Few business school leaders dispute the value and importance of a PhD programme to the reputation and esteem of their school. Yet most
PhD programmes in business schools remain small – too small – and the measures used to assess their quality weak, dated and throughput-based.

A rather “ivory tower” view of the PhD student – independent and isolated in their research – prevails, especially in the UK. Most PhD programmes in the UK now offer a taught element covering research methods and scholarship. However, they stop short of disciplinary teaching, an essential element of the US model. Without this taught element, it is all the more important that PhD programmes in the UK be sufficiently large to promote communal learning and be genuinely integrated in, not isolated from, business school life.

Beale cartoon: ACME

The MBA is often seen as the flagship programme of a business school and a key indicator of its esteem. In fact, it is the quality and culture of its PhD programme, underpinned by the research environment that has been cultivated, that really speaks volumes about the school.

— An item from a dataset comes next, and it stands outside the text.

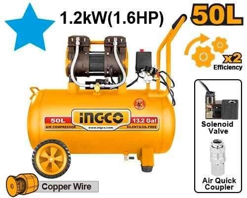 The Ingco 1.6HP 50L Oil-Free System Air Compressor is designed for high-performance applications. With a 2850 rpm speed, it efficiently converts power into compressed air. This compressor is perfect for inflating tires, supplying clean air to gas cylinders, and more. Its oil-free design reduces maintenance and ensures a longer lifespan. With 1.6 HP of power, it provides reliable operation under high temperatures, giving you full control over air quality. Ideal for both residential and industrial tasks, this compressor delivers excellent value.
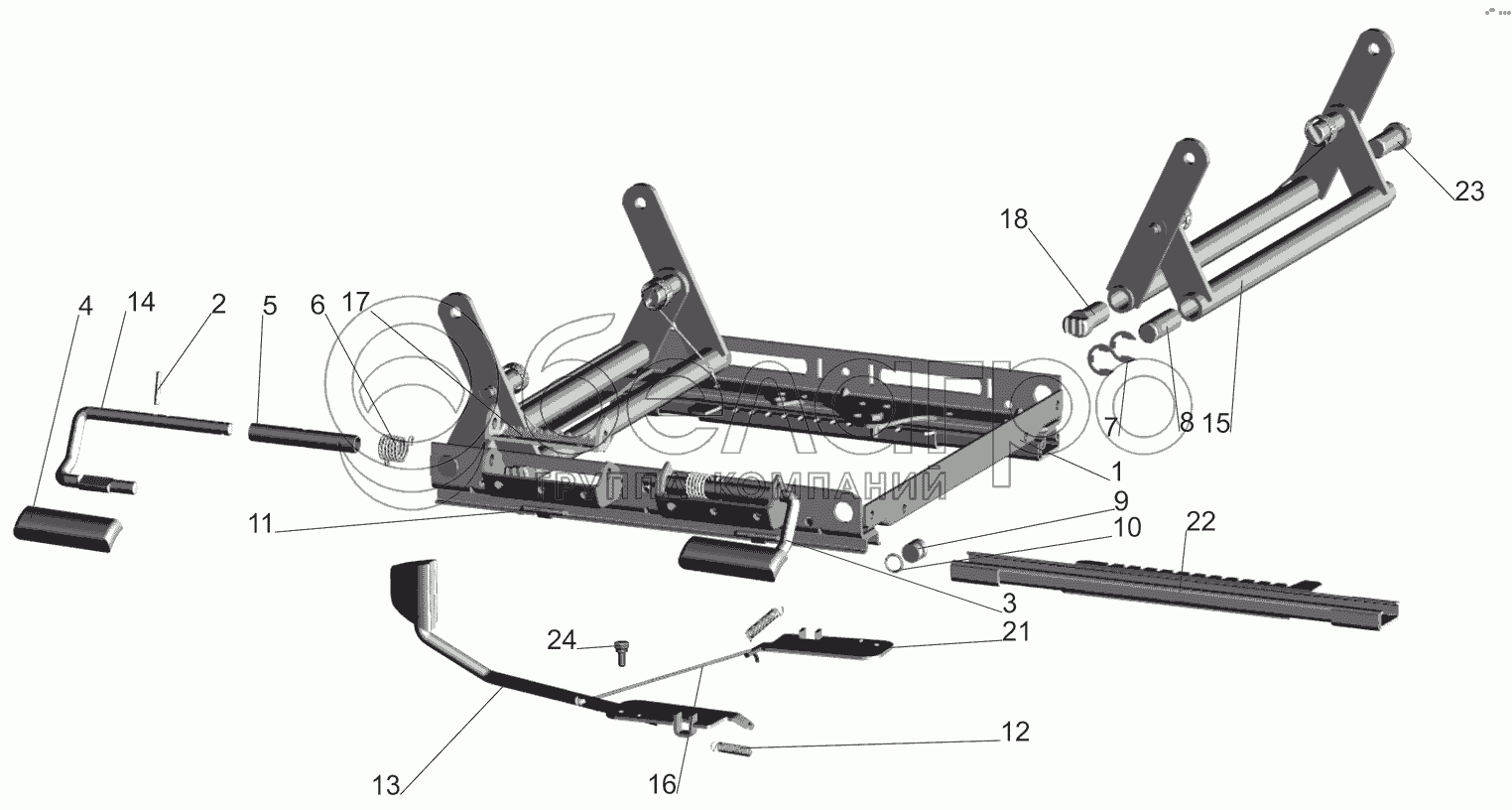 Каталог запасных частей к технике: МАЗ-530905. Механизм регулирования высоты

A vibrant, sizeable PhD programme makes a clear statement of a business school’s research intentions and environment. It is an important inducement to research-active academic staff and a resource that academics can draw upon in facilitating their own research agenda.

At the same time a stream of PhD supervision keeps academics up to date with emerging theory and practice and potential new faculty members.

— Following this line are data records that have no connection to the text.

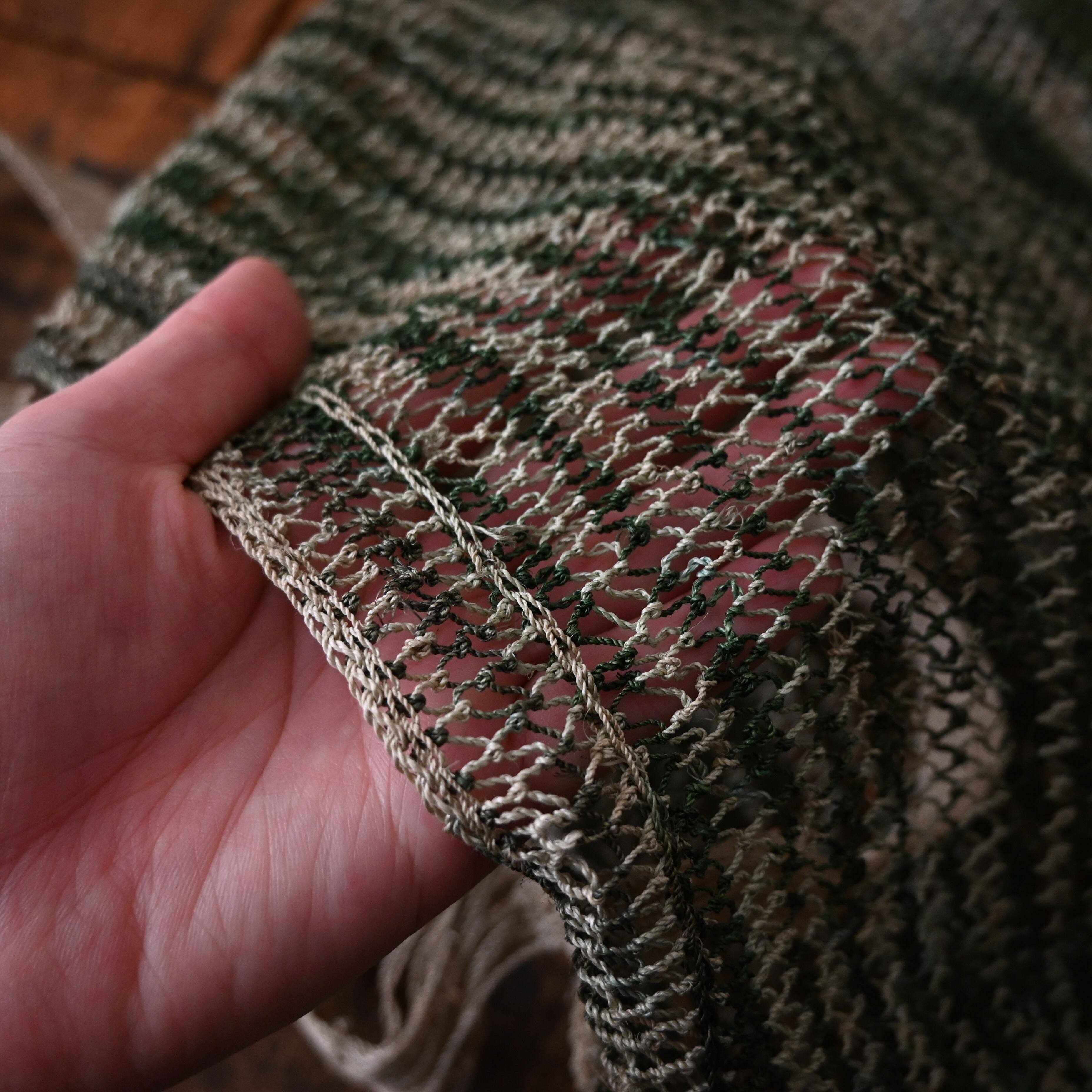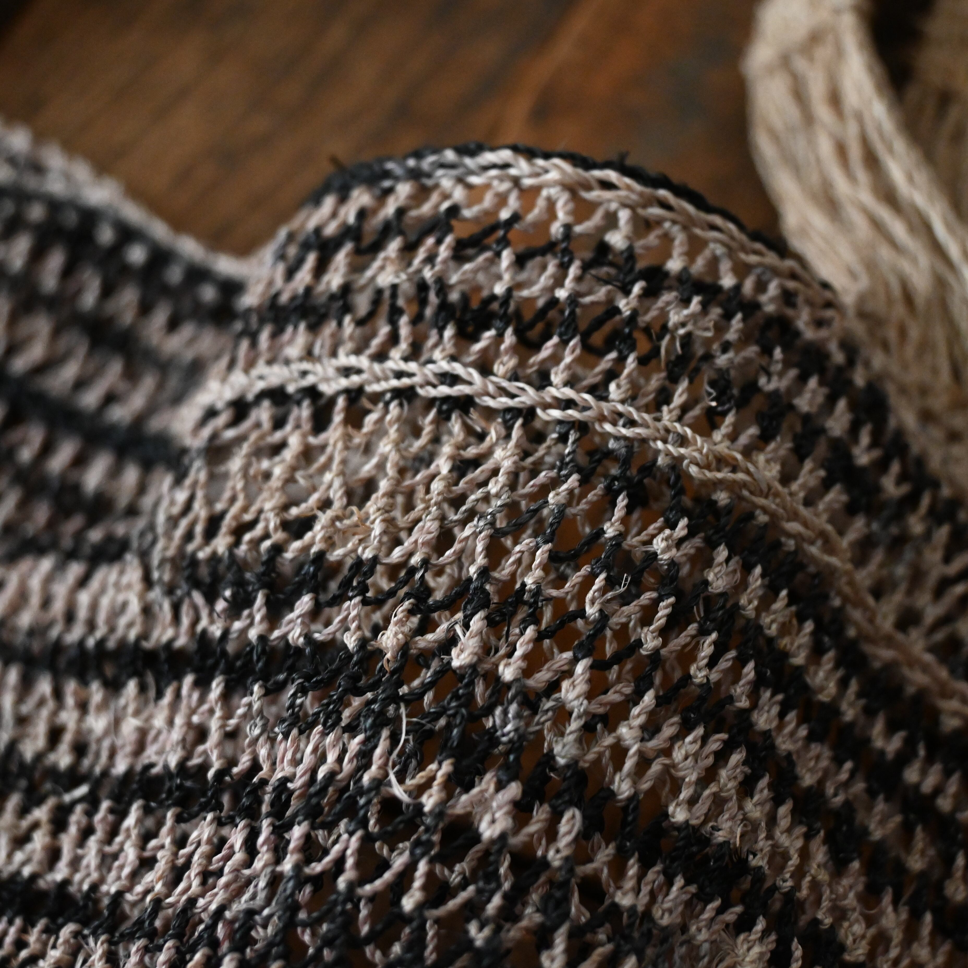 ・天然素材の繊維を糸にしているため、編み目に色に濃淡がございます(画像右下)
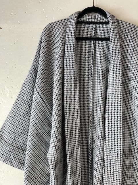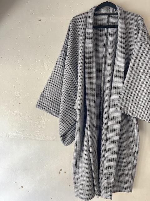 メンズ羽織 ウール千鳥格子 キナリグレー
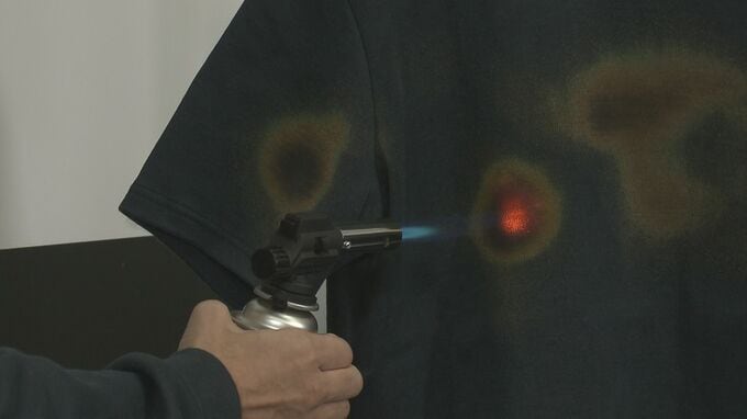 バーナーの火でも燃えない衣類を前に「変色はするけど、燃えることは無いんですよ」と説明する西村さん。
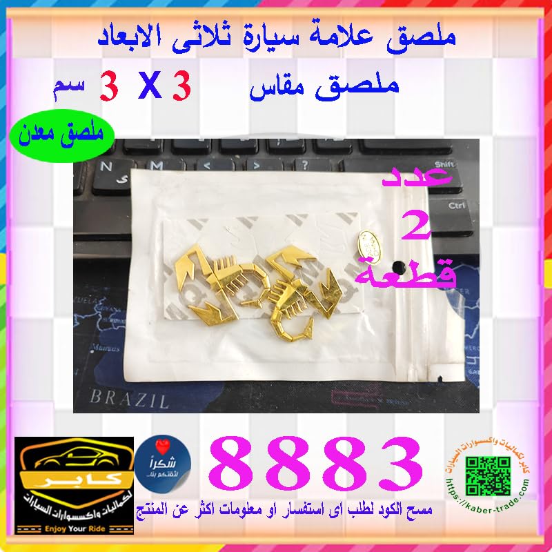 Generic - ملصق ستيكر علامة شعار سيارة ثلاثى الابعاد بديل اساسى لشارة السيارة - معدن جودة عالية - (2 قطعة عقرب ذهبى مقاس صغير ، 3 سم فى 3 سم ، كود: 8883 ) من كابرمصر 2020

At my business school, we have over 180 PhDs, up from 11 just five years ago, not that this is a mere numbers game. Indeed, the transactional cost of a PhD student – space, supervision, resources and so forth – is expensive compared with their undergraduate and masters counterparts. Had I been inclined to pack in the students it would have been much easier, not to mention economical, to do so with undergraduates. But achieving critical mass must go hand in hand with setting more rigorous indicators by which to measure quality. Too often PhD programmes are judged simply by their pass/fail and major/minor revisions ratios (a throughput measure). In the absence of a PhD ranking for business schools it is up to these institutions to raise their game and change the metrics when it comes to PhDs.

Any measure must gauge the quality of PhD research in a given school, so a convenient starting point would be the quality of journals in which PhDs publish, either during their programme or soon after graduation.

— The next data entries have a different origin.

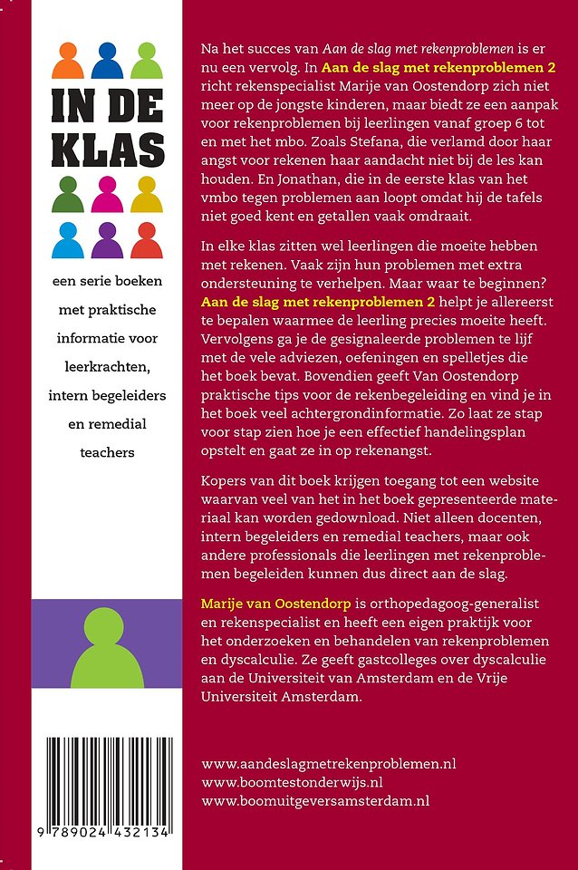 Aan de slag met rekenproblemen hoort bij de serie In de klas. Deze serie bestaat uit een reeks praktische boeken voor docenten, leerkrachten, intern begeleiders en remedial teachers. De boeken zijn geschreven door professionals uit het vakgebied. Zij geven achtergrondinformatie en praktische tips waarmee u direct aan de slag kunt.
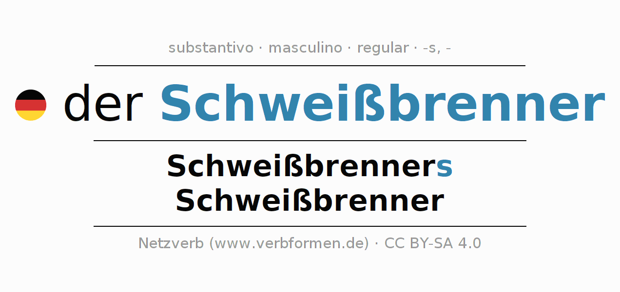 - Singular: der Schweißbrenner, des Schweißbrenners, dem Schweißbrenner, den Schweißbrenner
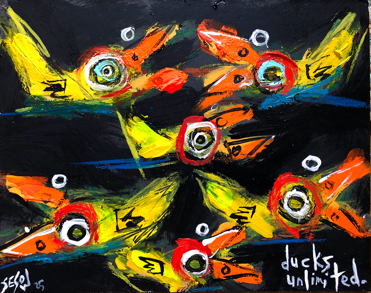 "Ducks Unlimited" acrylic/mix on matboard 12" x 6.5" *SOLD email sesow@sesow.com to reserve/ask about purchasing. please include url and description. |

In much the same way as the UK’s Research Excellence Framework, (and its predecessor the Research Assessment Exercise) places a heavy weighting on research outputs, so too should the publication record of PhD graduates be an indicator of a programme’s quality. Anything less does a disservice to a degree that is of such importance to the future of the sector, considering that a PhD is so often the gateway into academia. This in turn raises the issue of employability skills – something that is deemed critical in the undergraduate and MBA context but less so in that of the PhD.

A doctorate is a “licence to teach” and with students becoming ever more consumer-driven, the teaching skills of these future educators need to be addressed and even embedded into their programme of research. There is already some pull in this direction, particularly among schools that want not only capable researchers on return, but also lecturers.

While small may be beautiful, it can also mean “limiting and underpinned by outdated principals”. It is this latter connotation that applies to PhD programmes in business schools.

Small in terms of the size of the cohort risks research taking place in a vacuum, with no benefits to the school or growth of the academy. Small in the sense of measuring quality too narrowly does the sector no favours, when we should be proving our relevance to business and industry more than ever before. Strong, vibrant PhD programmes that are integrated in business school life are a key means of proving this relevance, from pure blue-sky research seeking to signpost the future, through to applied research that seeks to solve or uncover a specific problem with a solution.

The author is head of Brunel Business School at Brunel University.